2. Isolation of parotid lymph nodes in cattle and bison
   1. Begin by placing the animal in lateral recumbency on the necropsy floor. Locate the temporomandibular joint (TMJ).
      1. If this is difficult to locate, move the mandible slowly and determine the location at which the mandible attaches to the skull; this is the TMJ.
   2. Using a scalpel or necropsy knife, carefully make an incision in the skin. Start the incision dorsal to the joint and extend it ventrally/vertically along the jawline.
   3. Dissect the skin away to reveal the subcutaneous tissue. The parotid salivary gland will be visible first, due to its large size, lobulated surface appearance, and red coloration.
   4. Using forceps and a scalpel, move the parotid salivary gland aside to find the parotid lymph node sitting just cranial and medial to the salivary gland (Figure 3A). Examine the parotid lymph node tissue for texture before further processing.
      Note: Lymph nodes of the face (parotid and submandibular) are associated with salivary glands, which can confound the lymph node isolation. In comparison to lymph nodes, salivary glands are much larger and have a lobulated surface appearance. Moreover, on cut surface, salivary glands are homogenous in nature and do not exhibit the classic cortical and medullary architectural pattern of lymph nodes (Figure 3B).
   5. Excise the gland with a scalpel. Transfer it to the lymph node dissection table, using a plastic tray for the tissue transfer, for further sectioning.
3. Isolation of supramammary lymph nodes in female cattle and bison
   1. Place the animal in lateral recumbency.
   2. Elevate the hind leg to expose the inguinal region and locate the udder.
      Note: In a healthy, non-lactating animal, palpation of these lymph nodes may not be possible.

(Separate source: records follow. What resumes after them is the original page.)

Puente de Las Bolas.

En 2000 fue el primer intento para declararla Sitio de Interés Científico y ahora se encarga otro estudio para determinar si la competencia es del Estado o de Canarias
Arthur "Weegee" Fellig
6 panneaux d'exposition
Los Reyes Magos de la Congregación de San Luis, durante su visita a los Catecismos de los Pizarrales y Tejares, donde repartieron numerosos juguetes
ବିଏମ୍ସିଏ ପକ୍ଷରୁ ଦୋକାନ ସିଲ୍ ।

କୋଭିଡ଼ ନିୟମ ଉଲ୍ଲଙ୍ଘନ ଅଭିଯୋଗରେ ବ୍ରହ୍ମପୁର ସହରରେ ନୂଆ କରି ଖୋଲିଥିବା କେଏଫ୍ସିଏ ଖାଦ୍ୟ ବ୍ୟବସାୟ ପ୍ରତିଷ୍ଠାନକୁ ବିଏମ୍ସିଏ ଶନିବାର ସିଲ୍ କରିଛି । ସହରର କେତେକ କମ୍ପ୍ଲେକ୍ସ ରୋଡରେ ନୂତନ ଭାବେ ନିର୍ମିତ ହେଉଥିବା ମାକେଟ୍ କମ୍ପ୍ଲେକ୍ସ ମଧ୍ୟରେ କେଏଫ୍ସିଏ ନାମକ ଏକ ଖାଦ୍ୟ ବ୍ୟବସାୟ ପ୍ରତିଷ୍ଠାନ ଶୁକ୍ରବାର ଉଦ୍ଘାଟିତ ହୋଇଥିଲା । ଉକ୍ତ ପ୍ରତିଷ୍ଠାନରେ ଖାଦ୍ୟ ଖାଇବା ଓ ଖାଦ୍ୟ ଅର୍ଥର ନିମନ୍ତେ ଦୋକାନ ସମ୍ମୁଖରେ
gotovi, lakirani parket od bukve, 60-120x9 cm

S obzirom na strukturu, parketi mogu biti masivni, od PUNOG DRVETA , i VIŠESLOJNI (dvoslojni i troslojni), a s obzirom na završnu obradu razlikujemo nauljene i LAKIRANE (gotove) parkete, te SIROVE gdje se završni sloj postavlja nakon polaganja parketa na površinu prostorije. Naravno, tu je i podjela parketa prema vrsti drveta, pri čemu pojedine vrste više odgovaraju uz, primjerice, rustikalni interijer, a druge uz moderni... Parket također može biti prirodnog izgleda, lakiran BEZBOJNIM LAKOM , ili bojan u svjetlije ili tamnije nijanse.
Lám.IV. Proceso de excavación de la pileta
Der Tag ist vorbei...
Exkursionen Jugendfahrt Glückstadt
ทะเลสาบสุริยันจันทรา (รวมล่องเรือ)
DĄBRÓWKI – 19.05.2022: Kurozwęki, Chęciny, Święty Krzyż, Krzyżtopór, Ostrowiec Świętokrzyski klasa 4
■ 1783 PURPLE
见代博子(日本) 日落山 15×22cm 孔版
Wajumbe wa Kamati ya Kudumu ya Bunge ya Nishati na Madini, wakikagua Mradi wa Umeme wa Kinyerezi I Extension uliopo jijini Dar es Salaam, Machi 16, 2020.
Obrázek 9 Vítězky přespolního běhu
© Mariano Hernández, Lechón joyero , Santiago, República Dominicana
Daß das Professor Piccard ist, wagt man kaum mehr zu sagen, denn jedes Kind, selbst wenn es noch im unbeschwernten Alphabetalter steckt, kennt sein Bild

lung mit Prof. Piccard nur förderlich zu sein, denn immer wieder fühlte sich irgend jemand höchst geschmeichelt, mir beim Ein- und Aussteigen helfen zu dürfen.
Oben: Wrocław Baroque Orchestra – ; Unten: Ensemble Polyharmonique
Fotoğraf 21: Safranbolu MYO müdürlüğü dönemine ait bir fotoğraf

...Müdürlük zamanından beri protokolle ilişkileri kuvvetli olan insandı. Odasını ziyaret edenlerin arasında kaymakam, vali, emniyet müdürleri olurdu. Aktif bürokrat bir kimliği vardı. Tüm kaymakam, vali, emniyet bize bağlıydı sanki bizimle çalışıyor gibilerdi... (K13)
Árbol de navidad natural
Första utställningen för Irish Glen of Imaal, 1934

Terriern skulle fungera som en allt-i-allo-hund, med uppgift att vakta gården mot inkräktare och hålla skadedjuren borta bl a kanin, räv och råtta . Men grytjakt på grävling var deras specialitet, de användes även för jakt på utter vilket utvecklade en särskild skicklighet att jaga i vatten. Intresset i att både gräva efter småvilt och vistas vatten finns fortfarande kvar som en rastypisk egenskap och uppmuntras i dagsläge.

In a lactating animal, these lymph nodes may be palpable at the caudal border of the base of the udder.
   3. Using a scalpel, make an incision just dorsal to the udder, running along the upper leg, to expose the supramammary glands.
   4. Dissect the subcutaneous tissue and find the supramammary lymph node embedded in a thin layer of subcutaneous fat. If not visually distinguishable, palpate the exposed tissue for the presence of a firm structure within the subcutaneous fat.
   5. Using forceps and a scalpel, carefully dissect out the lymph node from the fat. Transfer it to the lymph node dissection table, using a plastic tray for the tissue transfer, for further sectioning.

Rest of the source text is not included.